Tens of thousands of people took to the streets of Washington Thursday to protest the inauguration of George W. Bush for a second term as US president. Many lined the route of the inaugural parade, booing and jeering as Bush’s limousine made its way down Pennsylvania Avenue. “Not our president,” some chanted.

Others clashed with police during an otherwise peaceful march through the streets of the US capital. Cops used pepper spray and tear gas against some of the demonstrators, and there were a number of arrests.

The mass media gave short shrift to the protests. Instead, they chose to focus on the pomp and circumstance of the inauguration ceremony, which served to mask the criminality of the US administration.

The inauguration took place in a police state atmosphere. A 100-block area surrounding the inaugural parade route was blocked off to normal traffic. Businesses and offices shut down for the day and school was cancelled in the city because of the intense security.

An army of security forces was deployed for the occasion. In addition to the massive police presence that exists within the US capital, some 7,000 troops were mobilized and at least 3,000 cops were brought in from surrounding counties, as well as from cities as far distant as Miami. Police were positioned every several feet on both sides of the parade route, while helicopters flew overhead. Snipers were visible on area rooftops.

Media reports made much of the unprecedented deployment of police power, with some commentators making no bones of the fact that the clampdown was aimed first and foremost against protesters seeking to express their opposition to the Bush administration.

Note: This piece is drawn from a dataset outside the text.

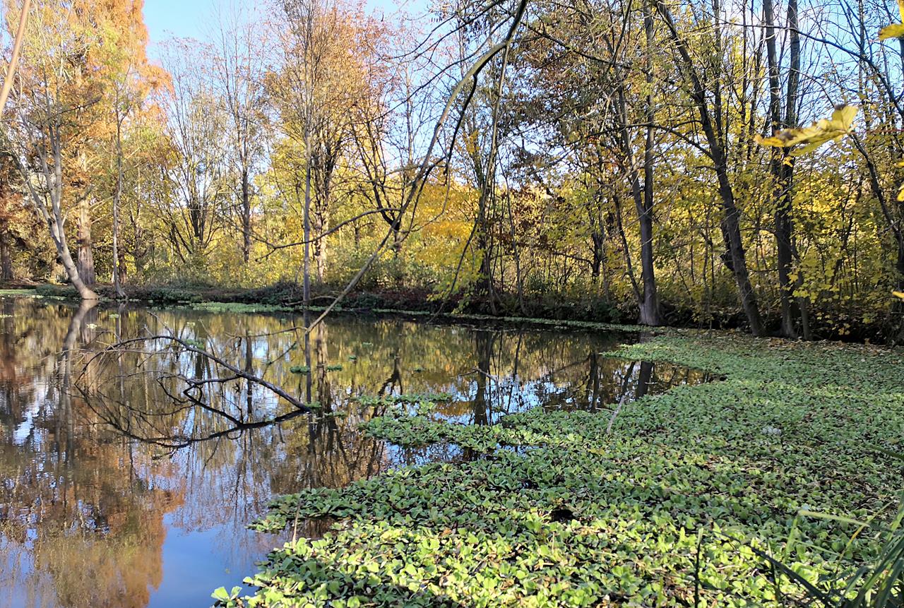 Die exotische Muschelblume überwuchert vor allem die stillen Seitenarme der Erft

In addition to the police presence, the Bush administration’s inaugural committee took extraordinary steps to limit access to the route, not only for protesters, but for the general public as well. Most of Pennsylvania Avenue was occupied by bleachers reserved for Bush campaign donors, whose money bought them a seat. While ostensibly a public event, this year access to the inauguration was determined to an unprecedented degree on the basis of wealth and political connections.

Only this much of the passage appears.